YOUR ASSIGNMENT » Return the listing below unchanged, minus its pictures.
------------------------------------------------------------------------
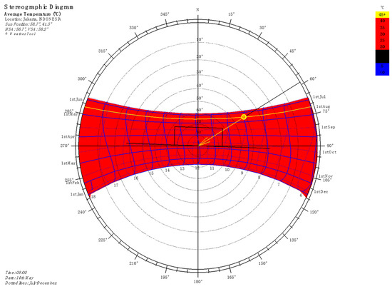 Sun path diagram of Jakarta (Autodesk Ecotect Weather Tool Software) [47].
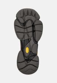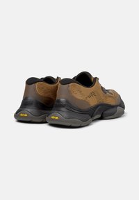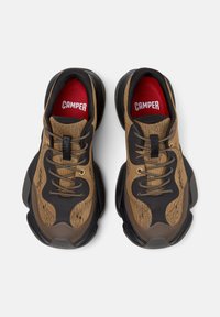 Baskets basses marron et noires avec tissu texturé, semelle noire épaisse segmentée et fermeture à lacets.
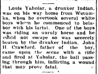 "Rosco Crawford, Hannie Crawford’s brother, told (his granddaughter) that as a young boy living in the Creek Nation of Indian Territory, the Indians were “pretty mean.” Once, when a Creek was hitting Crawford’s younger brother, their father shot and wounded the Indian, according to her biography, on file at California State University at Fullerton."
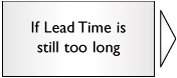 At this point, the Process Lead Time should be significantly shorter. Move to the Control tools as outlined in Chapter 5. |  | If the Process Lead Time is still considered to be too long, there are still a few options available to us: Look to accelerating the pace of the individual VA steps (go to "2: The Pace for a Single Process Step Is Too Slow" in Chapter 4). Add additional resources to the process at the appropriate places (the load chart will help with this). Hold inventory buffers at key locations throughout the process so entities don't have to traverse the whole process to be delivered (only works if the entities aren't unique). Seek to anticipate demand from the Customer. (Is there an earlier trigger available to start the entity through the process?) Examine options to keep the entity "vanilla" longer. (Is it possible to pre-prepare any parts of the entity so less work is required from the point of request?) If all else fails, it might be a case of considering a different process technology.
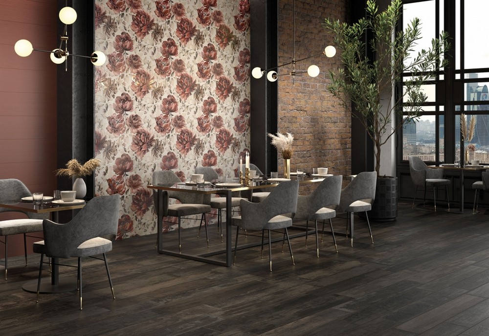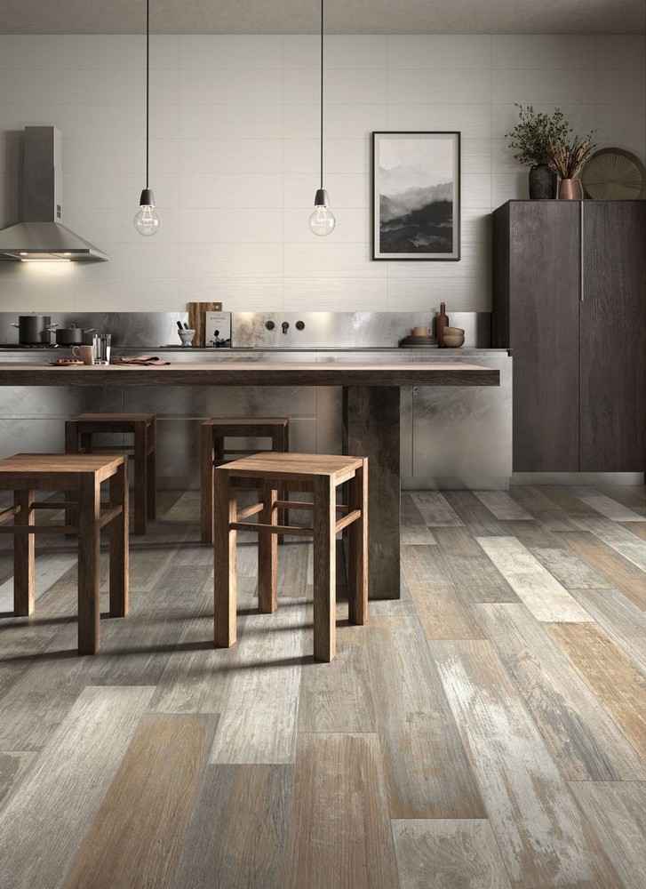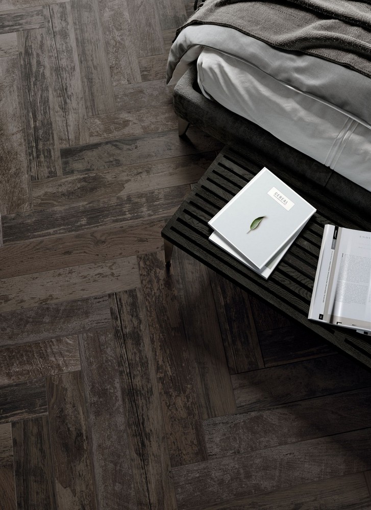 Два формата серии Грув — 20x120 см и 9,5x60 см — имитируют пропорции напольной доски. Укладка одним размером создаёт спокойный ритм, комбинация обоих превращает пол в сложную геометрическую композицию. Керамогранит не ограничен горизонтальными поверхностями: стены, облицованные состаренным деревом, завершают образ пространства.
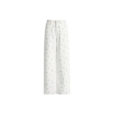 ZAZN 韩系小碎花显瘦直筒牛仔裤 女款 米白色小红花
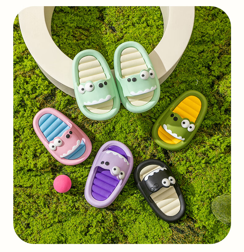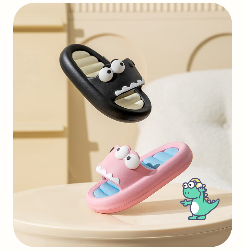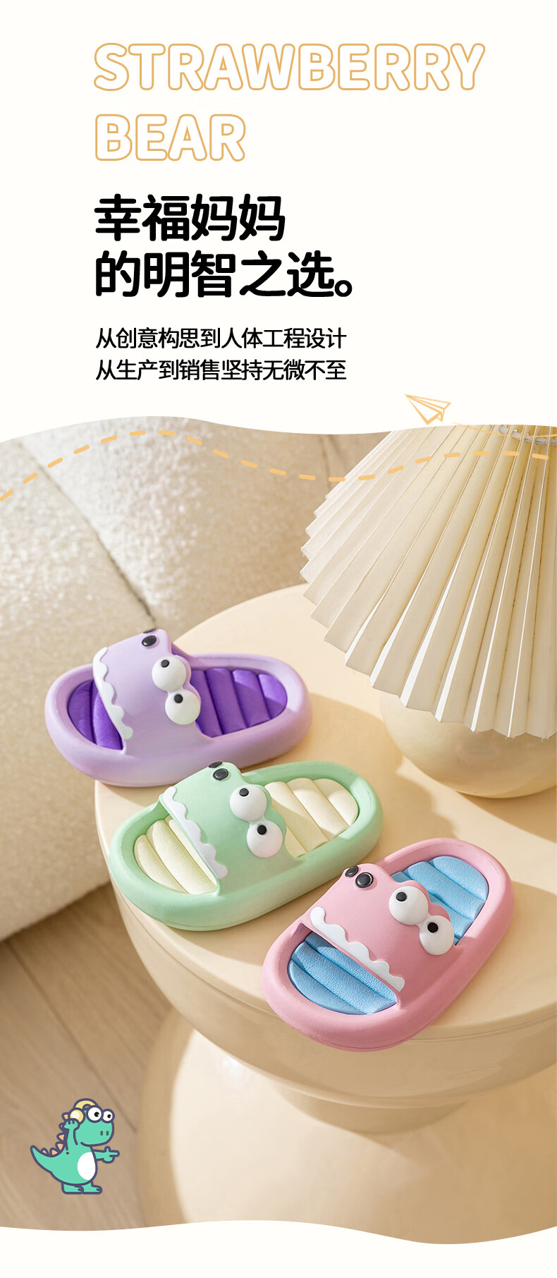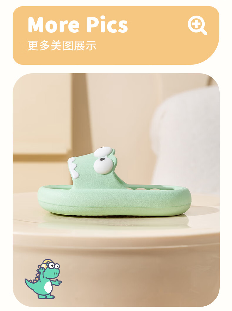 Dinosaur children's slippers for boys and older children 2025 new summer home household non-slip parent-child slippers for girls light green 18 cm inner length
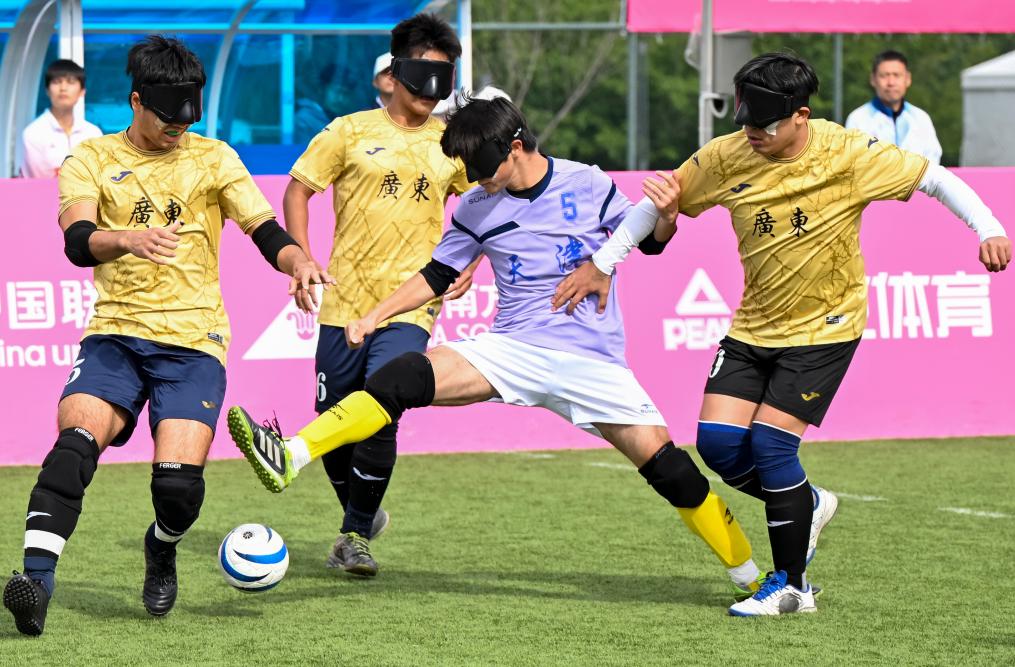 12月14日,在廣州舉行的全國第十二屆殘疾人運(yùn)動(dòng)會(huì)暨第九屆特殊奧林匹克運(yùn)動(dòng)會(huì)盲人足球項(xiàng)目男子組小組賽中,天津隊(duì)1:0戰(zhàn)勝廣東二團(tuán)隊(duì)。圖為天津隊(duì)球員范海林(右二)在比賽中突破。新華社記者 陳浩明 攝
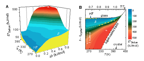 图6. 不同弛豫模式在焓空间中的演化规律。(A) 激活能随退火温度和弛豫焓变的关系;(B) 不同弛豫模式演化的温度-焓变相图。
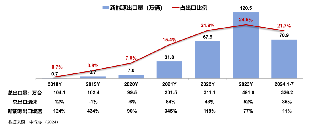 2024年1月至7月,新能源汽车的出口量达到326.2万辆,同比增长11%,显示出汽车出口市场的全面回暖。这一增长趋势不仅反映了中国新能源汽车出口的快速增长,也表明了其在出口总量中所占比重的持续提升。尽管2024年上半年新能源汽车的出口比例略有下降,但整体趋势依然稳固,显示中国在全球新能源汽车领域的影响力正在逐步扩大。
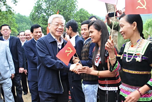 | Tổng Bí thư trong lần đến thăm và làm việc với xã Hồng Hạ, huyện miền núi A Lưới. |
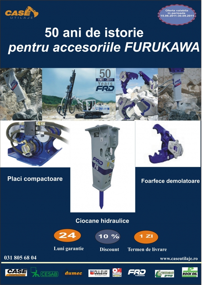 FURUKAWA un brand cu renume atat pe plan international cat si pe plan national a implinit de curand 50 de ani de la livrarea primelor sale produse, infiintarea primului sau sediu si apoi a multor alte filiale in lume. Pentru a incununa aceasta mare realizare Furukawa vine in perioada 15.06.2011 - 30.09.2011 cu o oferta speciala pentru toate accesoriile FRD - ciocane hidraulice, foarfece demolatoare,placi compactoare - si anume: 10 % discount pentru orice accesoriu achizitionat de la Case Utilaje Constructii Srl, 24 de luni termen de garantie si un termen "fulger de livrare", NUMAI 1 zi.
------------------------------------------------------------------------
ANSWER TO THIS EXERCISE »
 Sun path diagram of Jakarta (Autodesk Ecotect Weather Tool Software) [47].
 Baskets basses marron et noires avec tissu texturé, semelle noire épaisse segmentée et fermeture à lacets.
 "Rosco Crawford, Hannie Crawford’s brother, told (his granddaughter) that as a young boy living in the Creek Nation of Indian Territory, the Indians were “pretty mean.” Once, when a Creek was hitting Crawford’s younger brother, their father shot and wounded the Indian, according to her biography, on file at California State University at Fullerton."
 At this point, the Process Lead Time should be significantly shorter. Move to the Control tools as outlined in Chapter 5. |  | If the Process Lead Time is still considered to be too long, there are still a few options available to us: Look to accelerating the pace of the individual VA steps (go to "2: The Pace for a Single Process Step Is Too Slow" in Chapter 4). Add additional resources to the process at the appropriate places (the load chart will help with this). Hold inventory buffers at key locations throughout the process so entities don't have to traverse the whole process to be delivered (only works if the entities aren't unique). Seek to anticipate demand from the Customer. (Is there an earlier trigger available to start the entity through the process?) Examine options to keep the entity "vanilla" longer. (Is it possible to pre-prepare any parts of the entity so less work is required from the point of request?) If all else fails, it might be a case of considering a different process technology.
 Два формата серии Грув — 20x120 см и 9,5x60 см — имитируют пропорции напольной доски. Укладка одним размером создаёт спокойный ритм, комбинация обоих превращает пол в сложную геометрическую композицию. Керамогранит не ограничен горизонтальными поверхностями: стены, облицованные состаренным деревом, завершают образ пространства.
 ZAZN 韩系小碎花显瘦直筒牛仔裤 女款 米白色小红花
 Dinosaur children's slippers for boys and older children 2025 new summer home household non-slip parent-child slippers for girls light green 18 cm inner length
 12月14日,在廣州舉行的全國第十二屆殘疾人運(yùn)動(dòng)會(huì)暨第九屆特殊奧林匹克運(yùn)動(dòng)會(huì)盲人足球項(xiàng)目男子組小組賽中,天津隊(duì)1:0戰(zhàn)勝廣東二團(tuán)隊(duì)。圖為天津隊(duì)球員范海林(右二)在比賽中突破。新華社記者 陳浩明 攝
 图6. 不同弛豫模式在焓空间中的演化规律。(A) 激活能随退火温度和弛豫焓变的关系;(B) 不同弛豫模式演化的温度-焓变相图。
 2024年1月至7月,新能源汽车的出口量达到326.2万辆,同比增长11%,显示出汽车出口市场的全面回暖。这一增长趋势不仅反映了中国新能源汽车出口的快速增长,也表明了其在出口总量中所占比重的持续提升。尽管2024年上半年新能源汽车的出口比例略有下降,但整体趋势依然稳固,显示中国在全球新能源汽车领域的影响力正在逐步扩大。
 | Tổng Bí thư trong lần đến thăm và làm việc với xã Hồng Hạ, huyện miền núi A Lưới. |
 FURUKAWA un brand cu renume atat pe plan international cat si pe plan national a implinit de curand 50 de ani de la livrarea primelor sale produse, infiintarea primului sau sediu si apoi a multor alte filiale in lume. Pentru a incununa aceasta mare realizare Furukawa vine in perioada 15.06.2011 - 30.09.2011 cu o oferta speciala pentru toate accesoriile FRD - ciocane hidraulice, foarfece demolatoare,placi compactoare - si anume: 10 % discount pentru orice accesoriu achizitionat de la Case Utilaje Constructii Srl, 24 de luni termen de garantie si un termen "fulger de livrare", NUMAI 1 zi.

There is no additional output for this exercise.